Я бы и не запомнила, этот мимолётный эпизод, если бы через несколько лет, зимой, гуляя с ребёнком в парке, не встретила там Андрея с незнакомой женщиной, в длинной до пят шубе и пуховом платке. Мы разговорились, и я узнала, что даму зовут Евгения, и что они женаты.

– Я в этом наряде на медведя похожа, – пожаловалась Евгения.

– Зато не простынешь! – возразил Андрей.

– Но не красиво же!

– Вот и пойми этих женщин. – рассмеялся Андрей, ища у меня сочувствия. – Я ей говорю, что она для меня в любом виде красивее всех на свете, а ей ещё какой-то красоты не хватает.

Призрак счастья

Изумрудные глаза, окаймлённые охристыми ресницами, были необычайно хороши, выделяясь на молочно-белой коже лица, с такими же рыжими бровками и веснушками по щекам и вздёрнутому носику.

Нинка, молодая, медноволосая, – подворовывала по мелочам в общежитии. Её поймают, – смотрит прямо в глаза детски невинным взглядом, реснички хлопают, слёзки катятся, – сама невинность… Парней морочила… И уговаривали её, и побивали иногда, да всё без толку. Вот и Толик влюбился в неё без памяти. Жена, двое детей, престижная работа. И все всё знали, и он всё о ней знал, да такова уж человеческая натура – верить, что истинное чувство всегда над всем преобладать будет и чудо сотворит.

Только чуда не получалось. Он оставил семью, снял комнату, и привёл туда Нинку жить. Такой счастливый ходил: «Моя Ниночка…», да не долго. Собрала Нинка шмотки свои, и часть его прихватила, и так из утвари, что в сумки вместила, забрала все наличествующие деньги, да и сбежала с заезжим кавалером.

Остался он один, в пустой квартире, без вещей, без денег… С деньгами вопрос решился относительно легко – друзья подсобрали, и на работе помощь выделили, а вот с тоской справиться не получалось.
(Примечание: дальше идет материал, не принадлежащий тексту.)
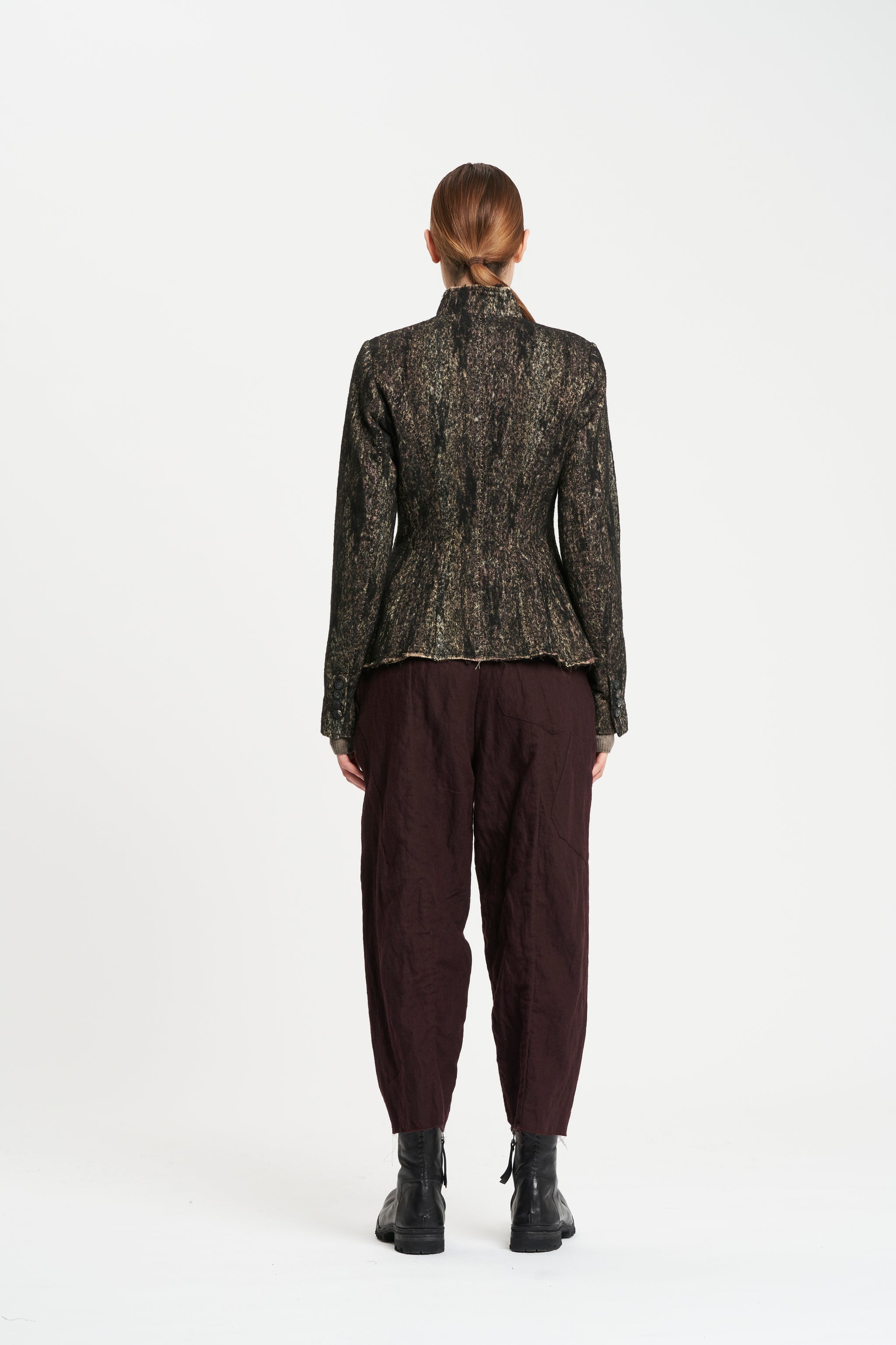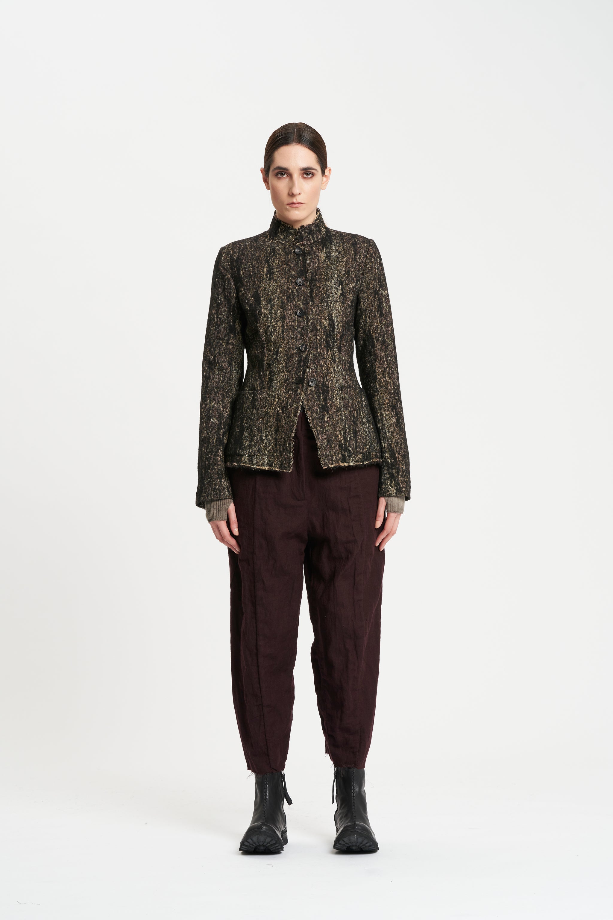 Masnada black painted single breasted jacket with a stand-up collar, pockets in the front and stitching details
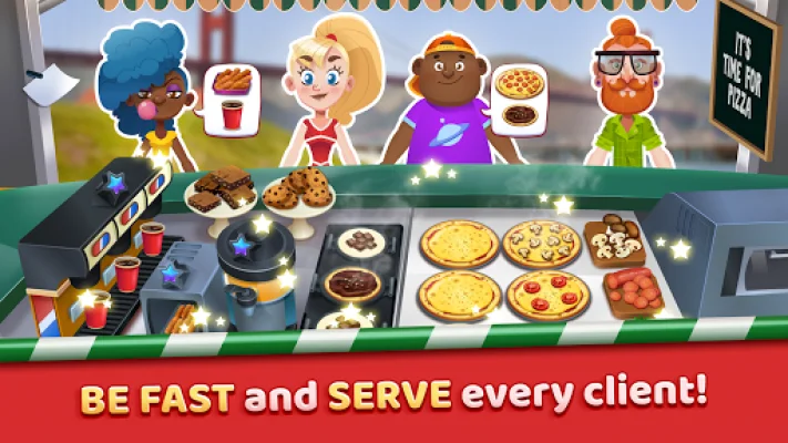 Upgrade your kitchen-on-wheels with top-of-the-line appliances to speed up your cooking process and serve even more customers. Don't underestimate the power of a high-tech oven when it comes to creating the perfect crispy crust! Spin the roulette for daily rewards and earn coins and gems to keep improving your fast-food business.
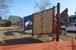 遊具工事は、パネルの組み立てが終わり、ステップの設置を行っていました。今後、整地をして終了の予定です。完成が楽しみです。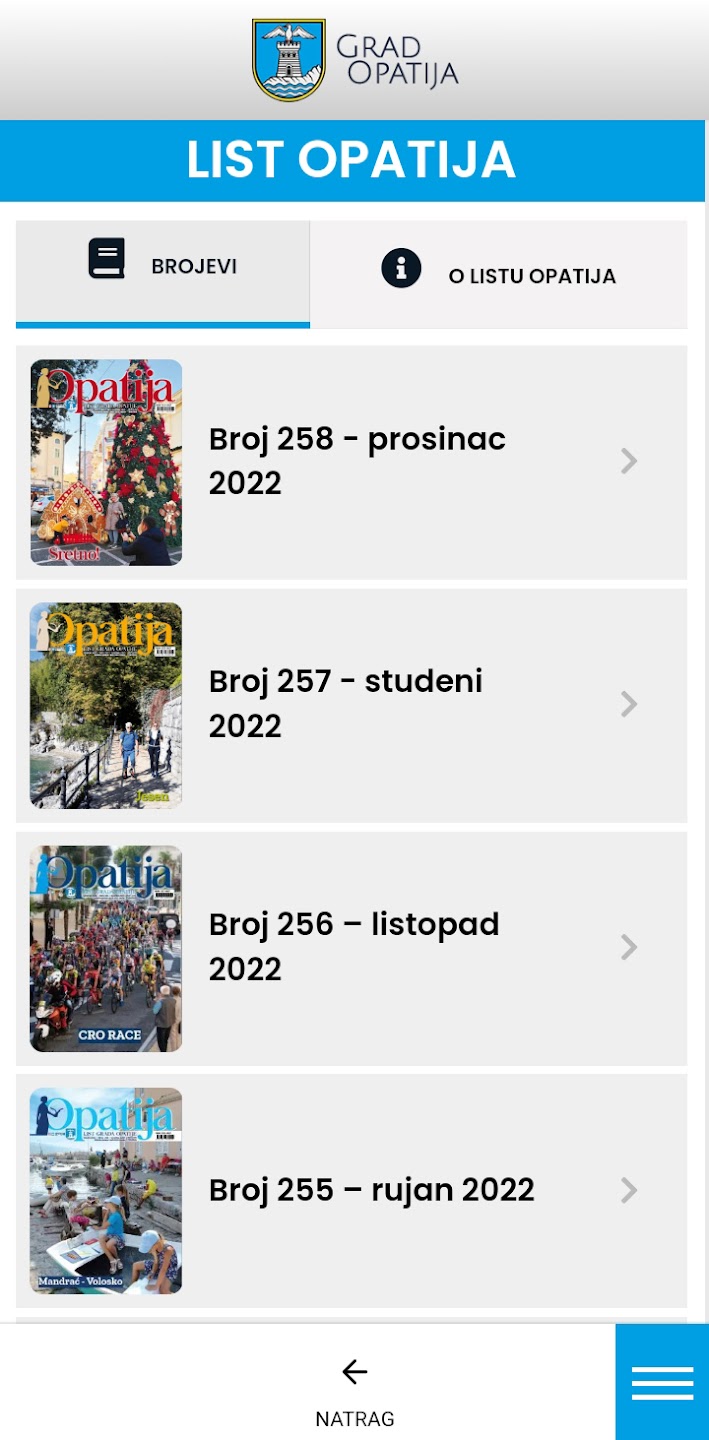 Pregled Lista Opatija na mobilnim uređajima omogućuje dostupnost novosti još većem broju korisnika, a uz to korisnici aplikacije dobivaju notifikaciju po objavi novog broja u trenutku kada je List objavljen na Internetskim stranicama Grada.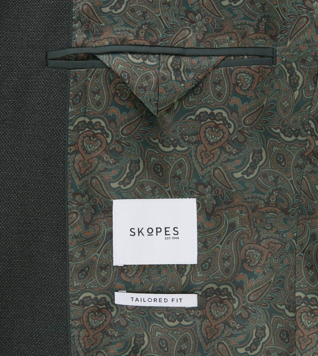 Experience the tailored Harcourt suit jacket crafted in a tweed-effect green fabric. Notable features include straight flap pockets, a combination of tonal plain and patterned lining, and twin side vents for added flair.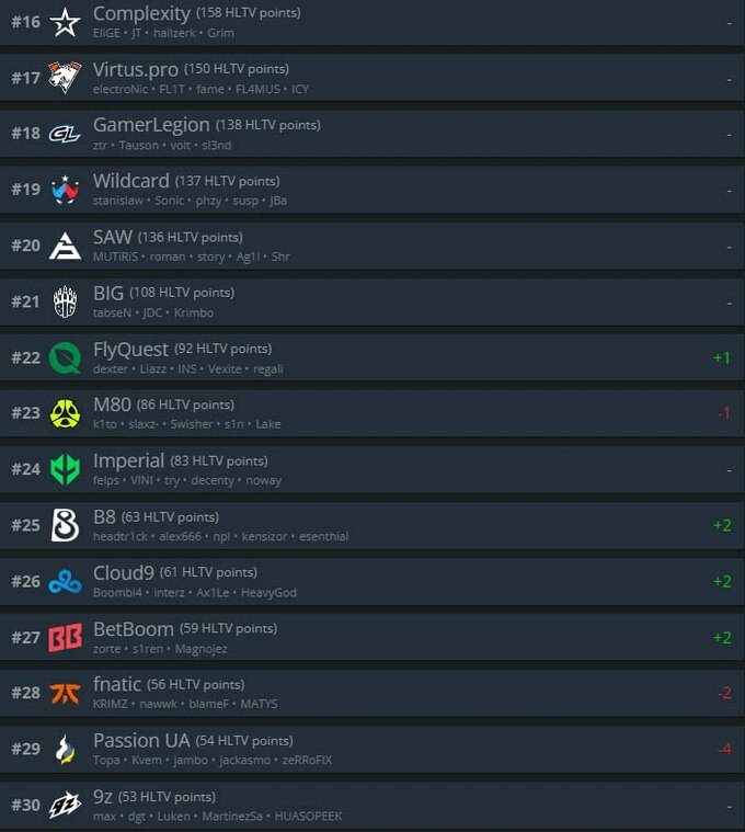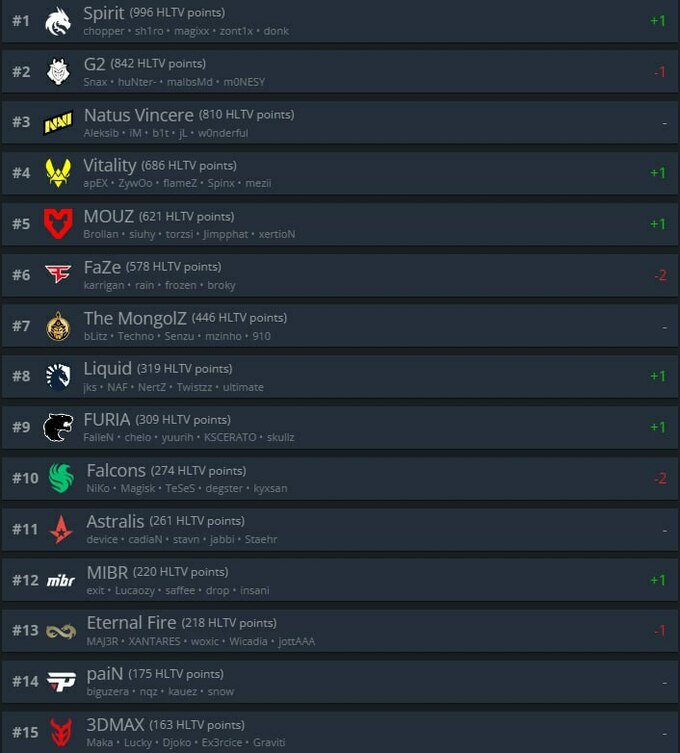 У десятці найкращих відзначається також прогрес MOUZ (+1 позиція) та FURIA (+1 позиція). Водночас команди FaZe та Mongolz зазнали втрат у рейтингу, втративши дві позиції кожна.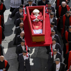 Pope Francis’ coffin has arrived at St. Mary Major Basilica, where he will be buried in a private ceremony later Saturday. It was met by about 40 migrants, prisoners, homeless…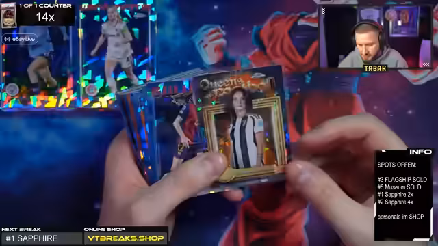 Es wurden ein Museum Case sowie ein One Piece OP14 Break durchgeführt. Im Fokus standen die Öffnung eines begehrten Sapphire Woman Case und der One Piece Museum Box. Dabei sorgten besondere Karten wie Two One-of-One Karten sowie verschiedene Rares und Secret Rares für große Aufregung bei den Teilnehmern.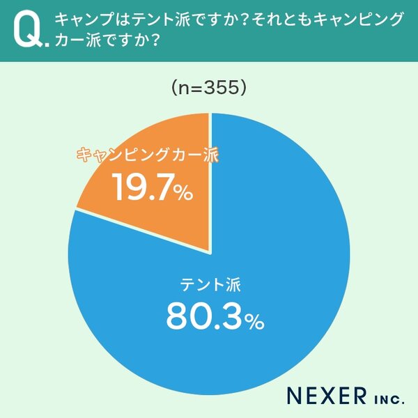 まず注目すべきは、「キャンプはテント派?キャンピングカー派?」という質問への回答。なんとテント派が80.3%、キャンピングカー派が19.7%という結果となりました。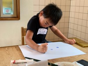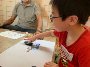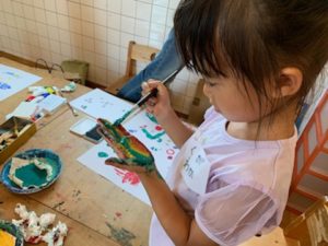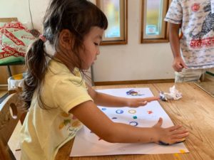 今日の年中さんのアトリエの日は、〇△□の形や手指で絵の具スタンプを楽しみました😊いくつかの絵の具を用意し好きな色でスタンプをするのですが、色を変える時は絵の具をキレイに拭き取らないと色が混ざりくすんだ色になってきてしまう事を学んだ子ども達です。色とりどりの模様からイメージを膨らませて楽しんでいました♪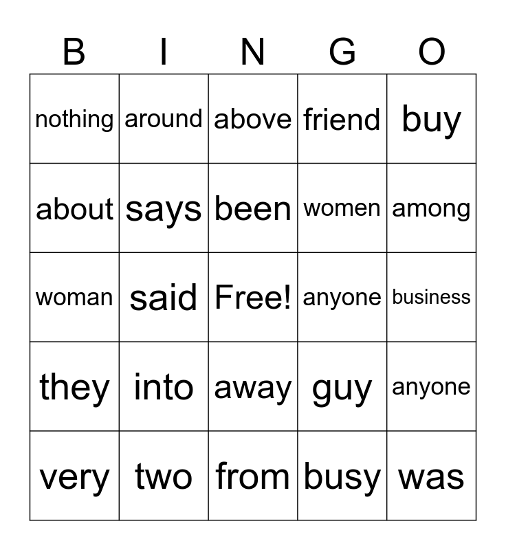 This bingo card has a free space and 24 words: into, two, been, very, buy, nothing, about, around, anyone, away, women, woman, guy, anyone, says, busy, business, above, among, said, was, they, friend and from.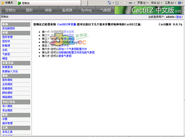 Cactiez是什么?kkx小編給大家分享的Cactiez是一款轉為用戶提供Cacti中文解決方案的軟件,Cactiez中文版整合了Spine,RRDTool和美化字體,集成了Thold,Monitor,Syslog等模板,在網(wǎng)絡監(jiān)控方面,支持多種硬盤的控制器和陣列卡。cactiez中文版基于CentOS6,支持更多的硬盤和陣列卡,啟動速度更快,系統(tǒng)更穩(wěn)定,還支持中文頁面和中文圖形,可以讓我們更方便的進行使用!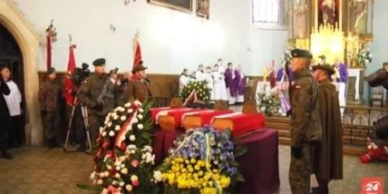 Торжественное перезахоронение останков 25 польских воинов, а также украинцев прошло на на Львовщине.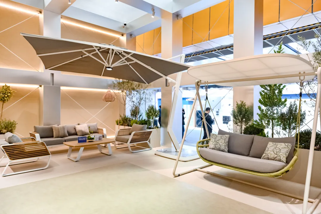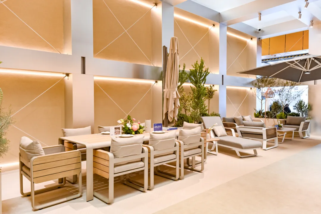 在厨房卫浴领域,集洗、切、沥功能于一体的悍高解冻水槽,凭借原创急速解冻科技吸引不少观众驻足;悍高西西里浴室柜融合天然石材与意大利AlPI木皮质感,嵌入智能魔镜与嵌入式冰箱,打造出奢雅的智慧卫浴场景;悍高BN5.0系列厨房龙头的三合一出水模式与旋转抽拉设计,展现了人性化的产品设计思路。悍高·原创智能五金馆的户外家具展品同样亮点纷呈:卡娜系列以鲸鱼般流畅的曲线塑造柔和形态,帕罗莎系列从海浪与沙滩中汲取灵感,诺丁汉系列则融合金属的工业感与柚木的温润,共同演绎出多元的户外生活美学。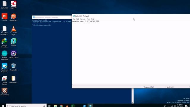 Window 10 test mode off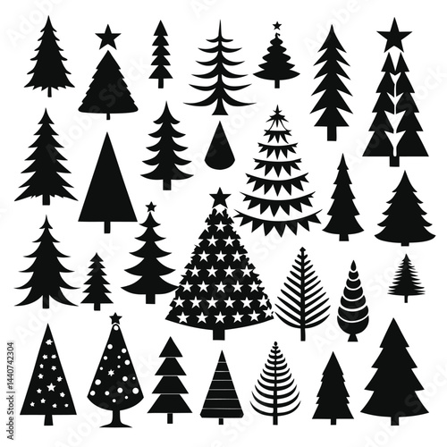 "Christmas Tree Silhouette Vector Collection in Minimalist and Festive Styles for Holiday Design Projects"

Все советовали вернуться в семью, супруга и сама звала, но стыдно ему было, да и любил он Нинку, совестливый был, не мог жить с другой женщиной.

Почти год Толик прожил сам. Работал, гулял с детьми, с долгами рассчитался, денег давал в семью сколько мог, и уже о возвращении начал подумывать…

А тут Нинка объявилась, и в ноги бухнулась – ободранная, худющая, кожа да кости, одни глаза зелёным пламенем в рыжинках пылают, да живот чуть до носа не достаёт. Простил он её. А чтобы у родившегося мальчонки отец был, официальный развод взял и оформил брак с Нинкой. Правда престижную работу пришлось оставить, рабочим на шахту пошёл, денег больше. Две семьи, как-никак, трое ребятишек. Но что это против жизни с любимым человеком?! – Мелочи.

Вроде как на этом и точку бы в его мытарствах поставить. Вскоре у них и своих двое детишек появилось. А может и не своих, кто ж его знает?! Ведь Нинка и дальше гуляла. И, почти сразу после рождения третьего ребёнка, опять бросила Толика, теперь уже с тремя детьми, укатив за очередным призраком счастья.